**Exercise brief**:
Go through the entries below. Copy each line in which "from" appears.

[[ Record extracts open ]]

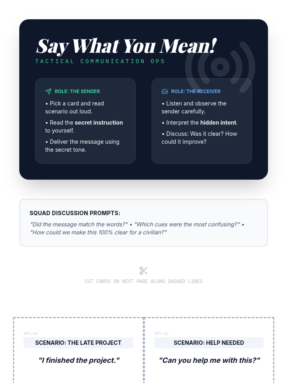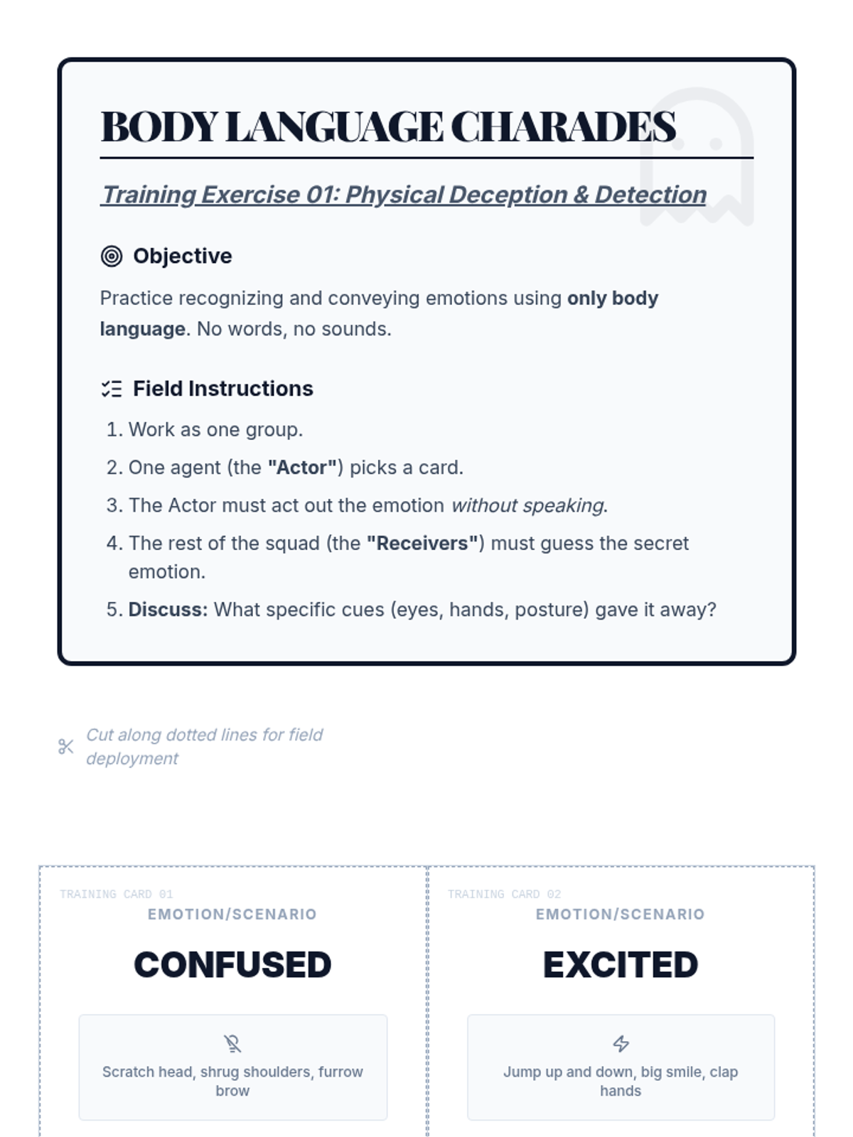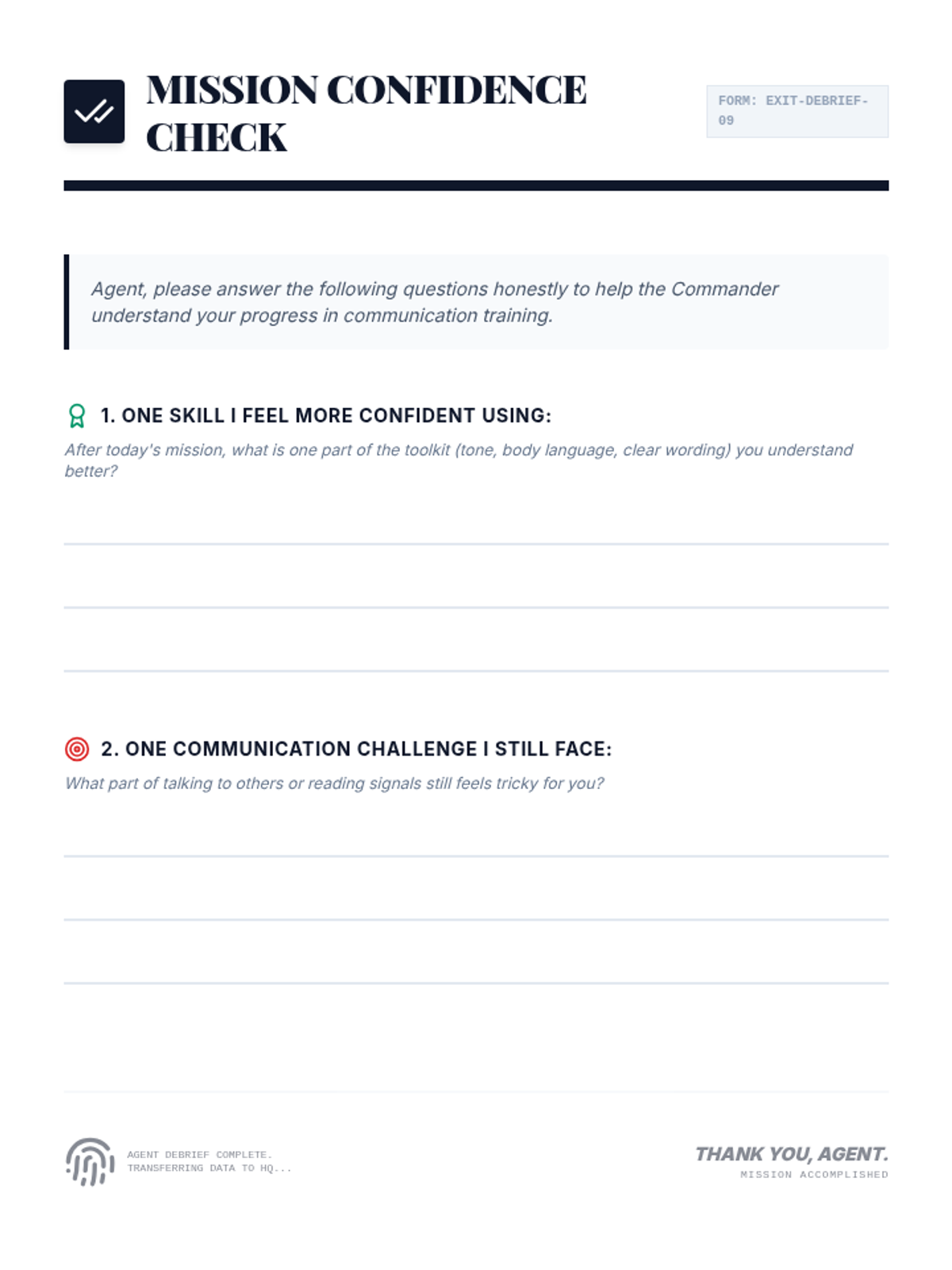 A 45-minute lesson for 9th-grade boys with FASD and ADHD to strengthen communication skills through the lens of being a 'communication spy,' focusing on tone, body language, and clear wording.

[[ Record extracts closed ]]
[[ Record extracts open ]]

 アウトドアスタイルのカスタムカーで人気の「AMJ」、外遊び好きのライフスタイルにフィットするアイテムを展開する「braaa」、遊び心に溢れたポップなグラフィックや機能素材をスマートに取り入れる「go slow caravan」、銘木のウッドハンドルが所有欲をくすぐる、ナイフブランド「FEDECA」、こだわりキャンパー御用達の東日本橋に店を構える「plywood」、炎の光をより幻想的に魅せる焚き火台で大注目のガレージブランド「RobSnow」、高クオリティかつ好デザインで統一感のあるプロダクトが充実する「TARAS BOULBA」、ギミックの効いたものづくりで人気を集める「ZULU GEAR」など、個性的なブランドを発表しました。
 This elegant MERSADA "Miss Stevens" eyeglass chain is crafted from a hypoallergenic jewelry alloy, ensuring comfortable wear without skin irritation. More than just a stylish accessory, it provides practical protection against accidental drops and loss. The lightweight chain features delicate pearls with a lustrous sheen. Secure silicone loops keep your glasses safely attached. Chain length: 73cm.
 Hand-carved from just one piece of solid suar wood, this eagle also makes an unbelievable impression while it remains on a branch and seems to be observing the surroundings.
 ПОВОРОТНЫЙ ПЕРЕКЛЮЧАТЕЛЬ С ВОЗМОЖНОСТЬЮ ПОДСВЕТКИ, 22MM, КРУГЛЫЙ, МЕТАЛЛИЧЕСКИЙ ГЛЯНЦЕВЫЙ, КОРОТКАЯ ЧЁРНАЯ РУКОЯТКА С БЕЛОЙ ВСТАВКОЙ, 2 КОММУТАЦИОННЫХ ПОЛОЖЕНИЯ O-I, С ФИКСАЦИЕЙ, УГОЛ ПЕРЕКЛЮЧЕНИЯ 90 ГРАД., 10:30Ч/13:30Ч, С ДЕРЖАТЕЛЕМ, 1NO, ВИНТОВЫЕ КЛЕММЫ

[[ Record extracts closed ]]
[[ Record extracts open ]]

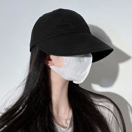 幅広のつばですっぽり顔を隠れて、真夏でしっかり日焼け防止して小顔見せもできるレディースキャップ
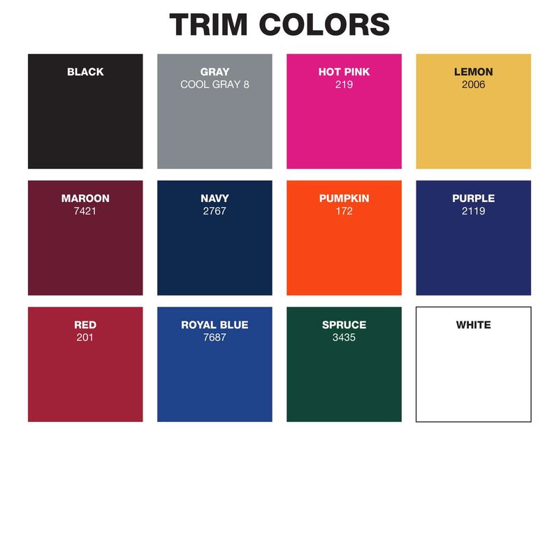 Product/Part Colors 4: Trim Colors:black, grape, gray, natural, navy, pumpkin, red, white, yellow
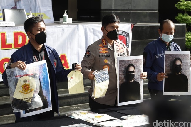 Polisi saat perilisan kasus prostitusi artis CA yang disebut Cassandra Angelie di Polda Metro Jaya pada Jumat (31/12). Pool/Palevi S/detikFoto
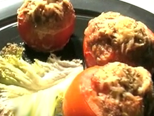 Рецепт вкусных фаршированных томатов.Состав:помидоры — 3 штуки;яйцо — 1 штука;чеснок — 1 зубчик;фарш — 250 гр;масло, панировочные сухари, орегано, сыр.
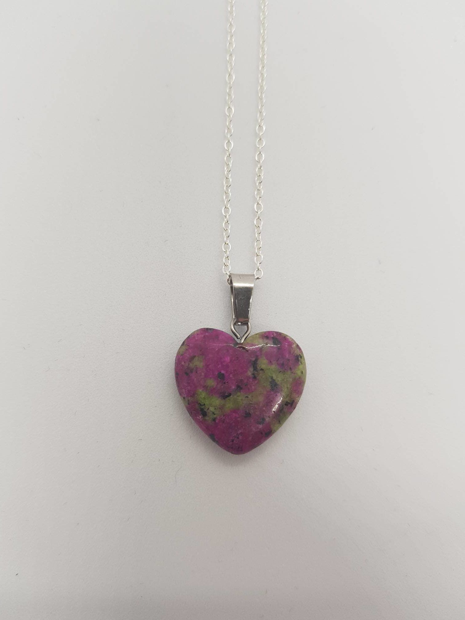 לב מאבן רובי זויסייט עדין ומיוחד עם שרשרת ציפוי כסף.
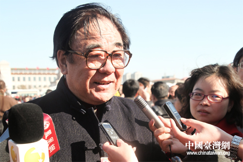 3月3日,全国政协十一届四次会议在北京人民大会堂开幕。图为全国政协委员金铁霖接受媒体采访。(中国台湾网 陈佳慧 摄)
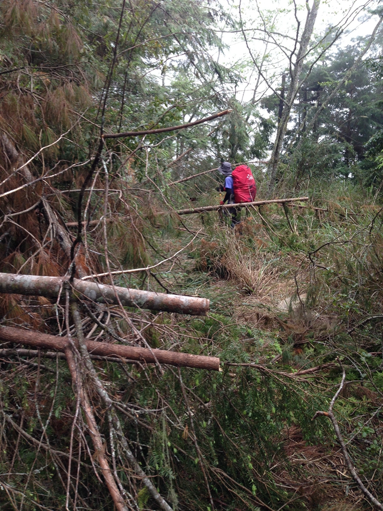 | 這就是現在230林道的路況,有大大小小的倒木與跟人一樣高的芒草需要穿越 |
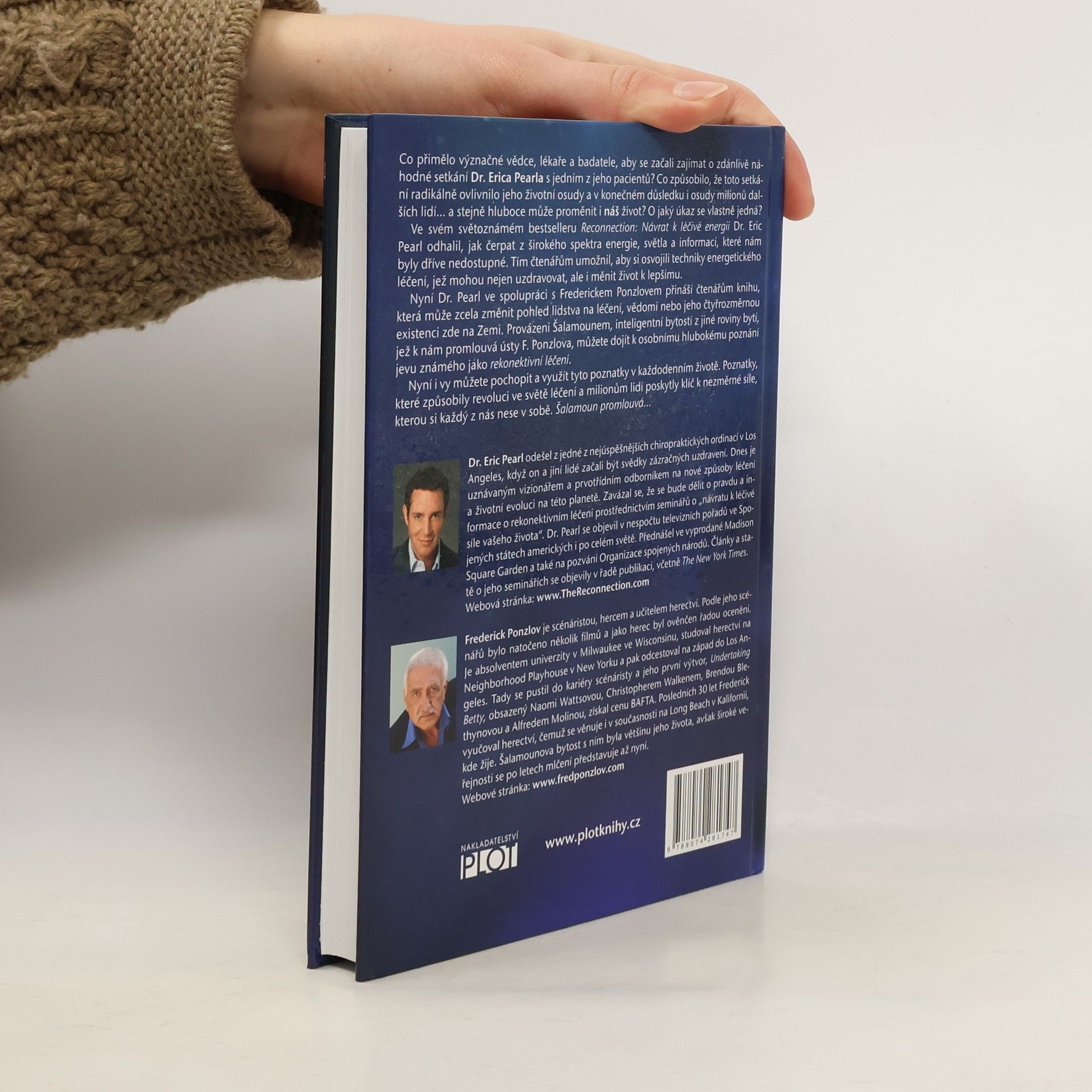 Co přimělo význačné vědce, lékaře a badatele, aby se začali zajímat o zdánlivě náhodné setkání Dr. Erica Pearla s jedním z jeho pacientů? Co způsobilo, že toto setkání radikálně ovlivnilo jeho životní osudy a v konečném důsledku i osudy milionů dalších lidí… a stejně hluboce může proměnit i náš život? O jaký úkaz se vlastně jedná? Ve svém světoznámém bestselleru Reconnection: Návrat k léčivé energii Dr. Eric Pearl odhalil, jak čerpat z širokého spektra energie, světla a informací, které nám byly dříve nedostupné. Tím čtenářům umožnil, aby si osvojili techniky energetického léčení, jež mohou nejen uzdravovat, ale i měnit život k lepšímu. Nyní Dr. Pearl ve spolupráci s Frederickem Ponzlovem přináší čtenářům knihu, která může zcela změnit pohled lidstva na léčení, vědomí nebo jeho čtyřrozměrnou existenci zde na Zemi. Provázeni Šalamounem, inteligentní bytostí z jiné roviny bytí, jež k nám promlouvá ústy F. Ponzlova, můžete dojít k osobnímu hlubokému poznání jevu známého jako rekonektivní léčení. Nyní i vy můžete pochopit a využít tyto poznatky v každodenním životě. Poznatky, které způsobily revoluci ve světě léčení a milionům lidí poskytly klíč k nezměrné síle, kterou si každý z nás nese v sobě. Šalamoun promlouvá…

[[ Record extracts closed ]]

**Answer area**:
 This elegant MERSADA "Miss Stevens" eyeglass chain is crafted from a hypoallergenic jewelry alloy, ensuring comfortable wear without skin irritation. More than just a stylish accessory, it provides practical protection against accidental drops and loss. The lightweight chain features delicate pearls with a lustrous sheen. Secure silicone loops keep your glasses safely attached. Chain length: 73cm.
 Hand-carved from just one piece of solid suar wood, this eagle also makes an unbelievable impression while it remains on a branch and seems to be observing the surroundings.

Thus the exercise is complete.